Explaining what millennials want in the workplace

Millennials in the workplace, how to attract, engage and retain them were just a few of the topics highlighted in the monthly Good Morning, North Augusta breakfast session, sponsored by the North Augusta Chamber of Commerce.

A panel discussion, moderated by Manpower operations manager Nate Lauger, was made up of young professionals from assorted industries. Tashara Johnson, HR generalist of Aurubis Richmond, LLC; Haley Napier, business development manager at Manpower; Jimmie Smith, workforce innovation coordinator at Shamrock Social Impact and Jeannine Steinkuhl, director of sales for Crowne Plaza, all fielded questions first from the moderator then from the audience.

Questions ranged from the most basic, like the differences between millennials and Baby Boomers, to more complex discussions about navigating conflicts between generations.

Steinkuhl said some of the primary differences between millennials, Gen Z, Gen X and boomers are how each approached the use of technology and the need for instant gratification.

“I would rephrase that to say, utilization of technology as a resource to be more productive,” she said. “At the end of the day, that is everyone’s common goal, whether you’re the employer, whether you’re the employee.”

She went on to say she would flip instant gratification to being opportunistic.

“Any sort of opportunity that you can drive results faster, and utilize those resources, resources in order to accomplish that?
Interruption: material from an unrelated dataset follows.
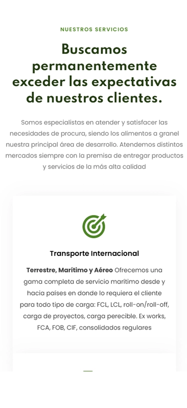 Uno de los desafíos más relevantes fue estructurar una arquitectura de contenidos clara que facilitara la navegación entre las diferentes líneas de productos —consumo directo e indirecto— y sus servicios asociados, como transporte internacional, asesorías de comercio exterior y representación marítima. Lograr que esta información técnica se presentara de manera accesible y visualmente atractiva fue un punto clave en el proceso creativo.

Why not? Doesn’t everyone want instant gratification at the end of the day?” she asked. “So, I would say there is no difference in what the end goal is for any generation. It’s just a matter of how we process that.”

The panelists said developing relationships with people of different generations can be an important factor in understanding each one’s perspective.
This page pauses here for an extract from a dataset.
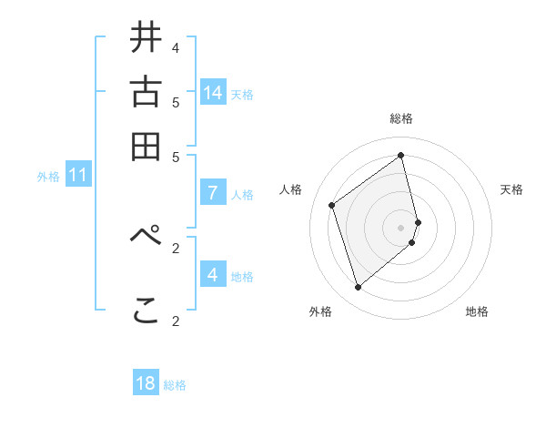 井古田 ぺこさんの総格は18画の4点!

“I’m not going to lie. I mean, it’s a little intimidating. You walk into a room with people with 20 plus years of experience, and I’m going to be here with my six, or almost six,” said Napier. “But I’m here to learn. I’m here to gain experience. And that’s what the younger generation is here for.”
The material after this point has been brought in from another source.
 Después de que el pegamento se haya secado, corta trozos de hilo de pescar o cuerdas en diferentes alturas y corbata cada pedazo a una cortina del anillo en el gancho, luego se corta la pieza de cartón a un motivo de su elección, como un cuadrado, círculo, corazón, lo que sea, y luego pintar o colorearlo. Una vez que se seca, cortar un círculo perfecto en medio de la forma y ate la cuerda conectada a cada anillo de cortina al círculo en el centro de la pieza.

Napier said mentors, finding one or being one, can be especially impactful.

“Mentors are a thing. So, if you can get a mentor or if you have a mentor, it is 100% probably one of the most beneficial things I’ve ever done,” she said. “And not just one, one from several different aspects, whether it’s personal, whether it’s professional, or both, they make such a big difference.”

One question that struck a nerve was how to deal with employees who spend time on social media outlets while at work.

Steinkuhl said she’s fine with employees checking social media, as long as it is in moderation. She likened it to a digital cigarette break.

“So long as it’s not too ridiculous. So long as it’s not impeding your ability to be productive and to get the job done,” she explained. “When you don’t get the job done. And you’ve spent half of your day on TikTok, then yes, I do have a problem with that. So, I think it’s just a, on a case-by-case basis.”

All the panelists said there is a need for all generations, both employers and employees, to communicate clearly. To take time, to learn each other’s work ethic and how tasks will be accomplished. At the end of the day, the goal is for the business to be successful.